Между тем по радио передают результаты тотализатора в Рэндвике[37], а потом объявляют, что через пару минут подсчет начнется во Флеминге[38]. Таракан решает рассказать про себя, наивно полагая, что Аляж сделает то же самое.

– Повстречался я как-то с одной девицей, когда работал на Талли, и она оказалась проституткой. Говорила, у проституток все то же самое: нельзя говорить с клиентами по душам – кругом одни клиенты, представляешь? – нельзя говорить, что у тебя на уме. И ты не виновата, что они тебе противны, даже если хочешь, чтобы было по-другому, потому что кретины есть кретины: зачем платить за то, что можно получить бесплатно? Так им еще хочется пудрить тебе мозги, она так и говорила, а мозги не продаются. Они-то уходят, а ты остаешься, и дальше все снова-здорово, никуда не денешься. В общем, я несу чушь, знаю. Но у нас с ней вроде было что-то общее: она – проститутка, я – лоцман. Она мне нравилась, понимаешь? Очень даже нравилась. – Таракан улыбается и осушает свой бокал. – Когда нас спрашивали, где мы работаем, мы всегда отвечали: в туризме. – Он подзывает пальцем бармена – тот кивает и, достав из-под стойки поднос, ставит на него два свежих пива. – Что, в общем-то, было правдой. – Он отрывает взгляд от пустоты, поворачивает голову и смотрит на Аляжа.

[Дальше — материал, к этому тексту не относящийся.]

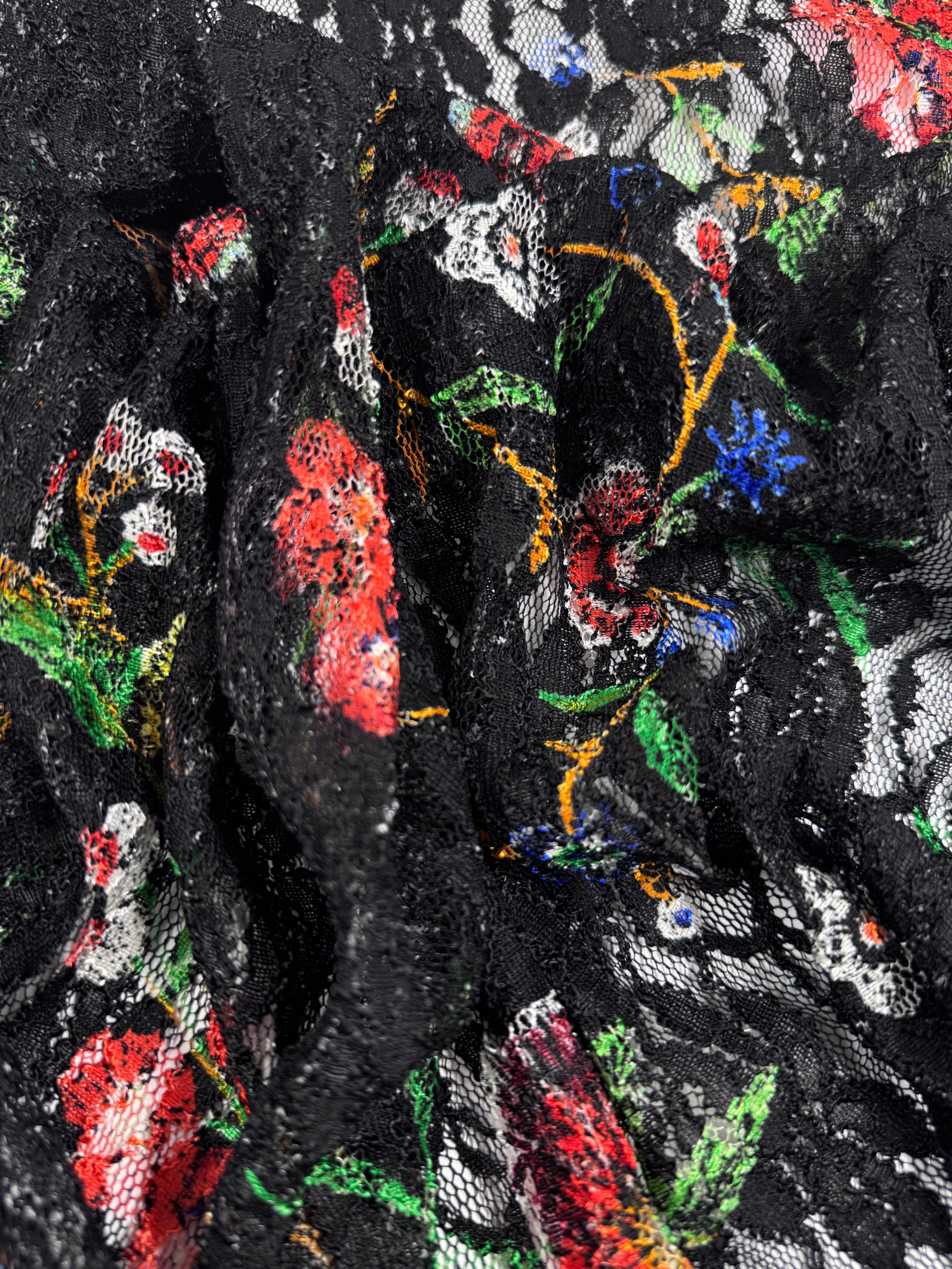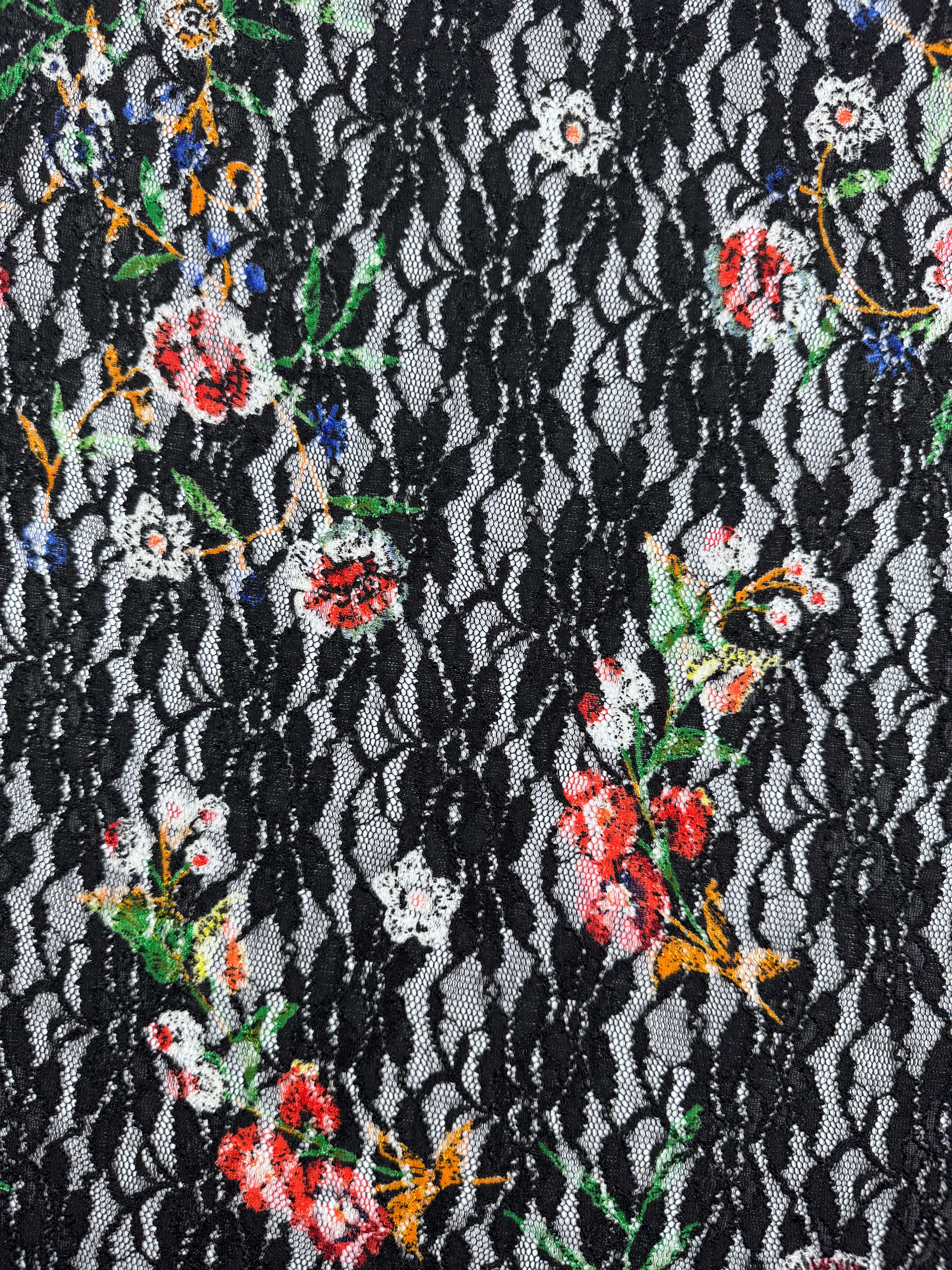 A delicate lace with gorgeous, Black background with rich red/orange embroidered-style florals, stretchy and boasts a beautiful drape. Perfect for beach cover and any style tops or dresses.
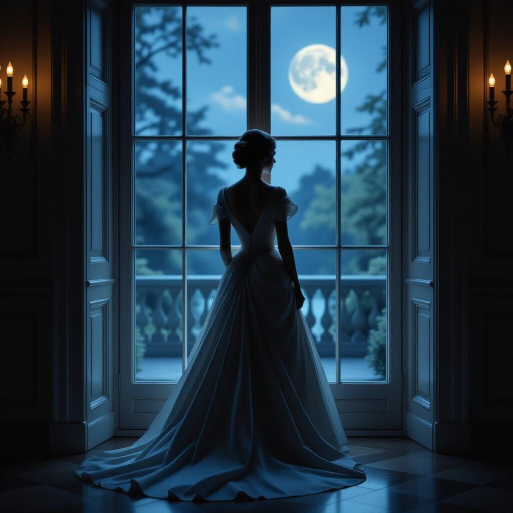 This image captures a woman in a vintage gown looking from a ballroom window to a moonlit garden, evoking lost glamour. Rendered with soft focus and rich tones of vintage photography.
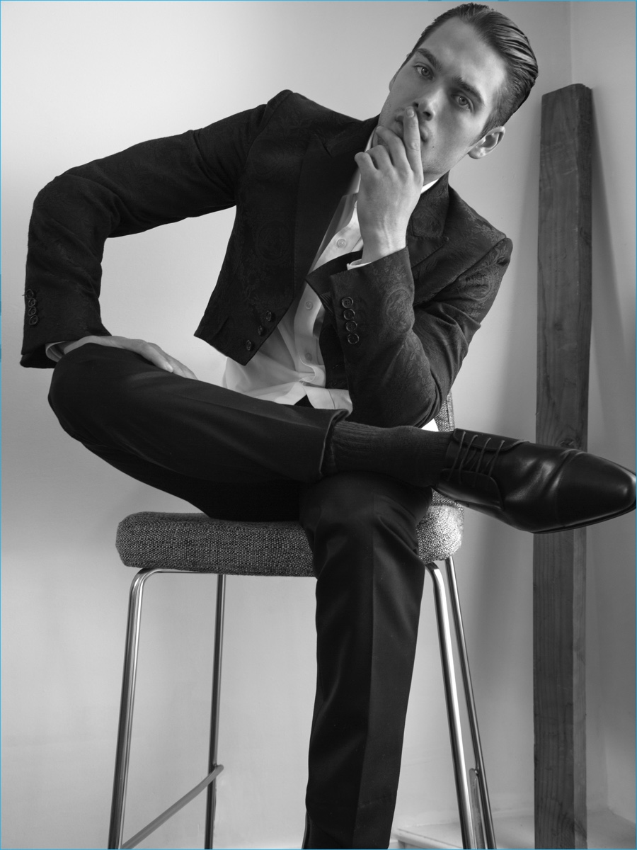 Dylan Sprayberry strikes quite the pose in a Dior Homme tuxedo jacket with a shirt, trousers and shoes from Dsquared2.

– Все мы клиенты, – с легкой улыбкой говорит Аляж. – Под конец дня – все как один.

– Ладно, что у нас за маршрут? – спрашивает Таракан.

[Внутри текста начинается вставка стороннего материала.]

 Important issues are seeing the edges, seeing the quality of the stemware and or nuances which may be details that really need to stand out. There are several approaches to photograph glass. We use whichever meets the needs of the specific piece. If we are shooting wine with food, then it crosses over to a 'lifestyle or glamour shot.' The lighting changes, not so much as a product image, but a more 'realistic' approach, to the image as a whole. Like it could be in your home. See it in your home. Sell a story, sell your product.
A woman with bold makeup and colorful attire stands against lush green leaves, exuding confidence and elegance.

– Так, шуточное дело, – отвечает Аляж.

Когда Аляж еще только начинал лоцманствовать на реке, среди лоцманов было заведено главное правило: никогда не воспринимать все всерьез. Это же шуточное дело, говаривал Бормотун, первый лоцман, с которым он работал на пару, и Бормотун был прав: большое шуточное дело, которое делалось недели две, шуточное дело, суть которого заключалась в том, что только лоцманы понимали, что здесь смешного. Большое шуточное дело строилось на бессчетном количестве шуток, разыгрываемых с клиентами. Правила были частью этого шуточного дела. И действовали они на всем речном маршруте. Правила были для всего: когда есть, когда спать и даже когда ходить по нужде, что можно было делать только в полиэтиленовый мешок (его утилизировали в конце маршрута) и подальше от палаточного лагеря, при том что отхожие места выбирали лоцманы, а они, исключительно забавы ради, старались отыскивать их в конце какой-нибудь небезопасной длинной тропы, петлявшей по краям скал. Клиенты любили ясность, порядок и размеренность, привносимые правилами в мир реки и леса, не внушавший им никакой ясности, а, напротив, казавшийся беспорядочно-неопределенным. Однажды Аляжу до смерти наскучило устанавливать правила повседневной походной жизни, и он предоставил клиентам самим придумать их. И потом клиенты не без основания кляли его за то, что он испортил все дело – в смысле путешестие.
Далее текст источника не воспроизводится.